SUPPLIED INFORMATION =>
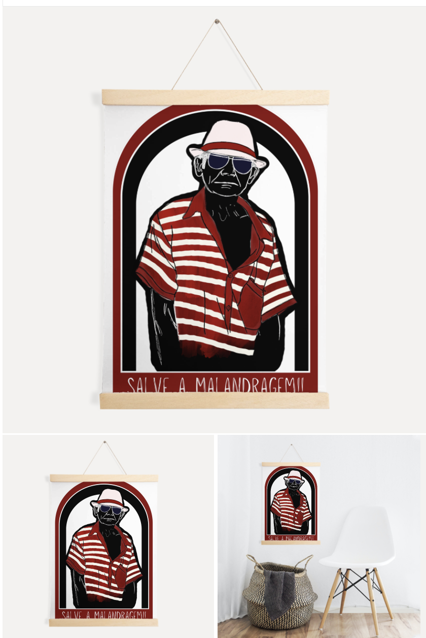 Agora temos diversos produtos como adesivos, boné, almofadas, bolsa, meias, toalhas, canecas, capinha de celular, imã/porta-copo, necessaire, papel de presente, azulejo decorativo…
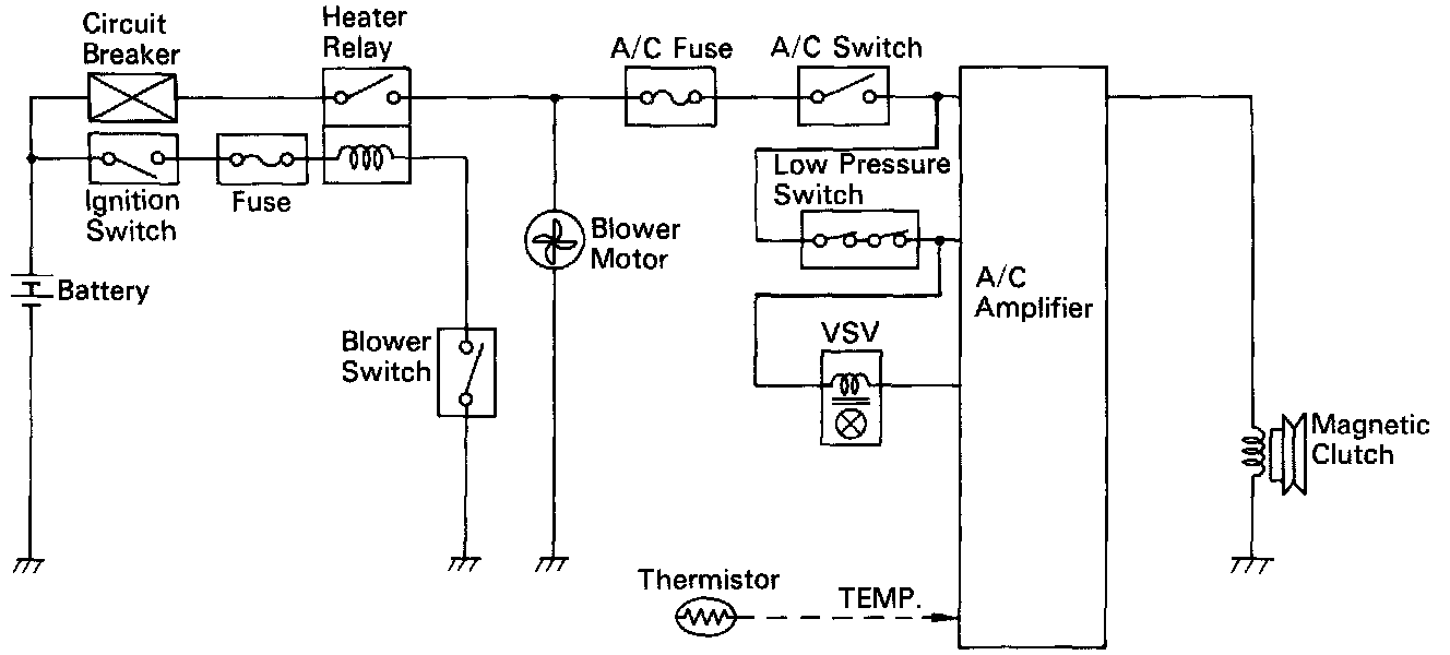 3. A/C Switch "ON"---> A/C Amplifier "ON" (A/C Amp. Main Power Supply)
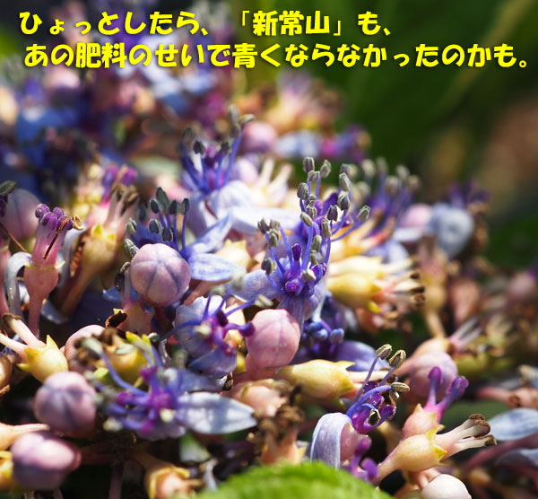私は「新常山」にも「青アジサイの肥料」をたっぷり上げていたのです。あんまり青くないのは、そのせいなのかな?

AIM OF THE TASK => Print out the material word for word, omitting the pictures.

ANSWER TO THIS PROBLEM =>
 Agora temos diversos produtos como adesivos, boné, almofadas, bolsa, meias, toalhas, canecas, capinha de celular, imã/porta-copo, necessaire, papel de presente, azulejo decorativo…
 3. A/C Switch "ON"---> A/C Amplifier "ON" (A/C Amp. Main Power Supply)
私は「新常山」にも「青アジサイの肥料」をたっぷり上げていたのです。あんまり青くないのは、そのせいなのかな?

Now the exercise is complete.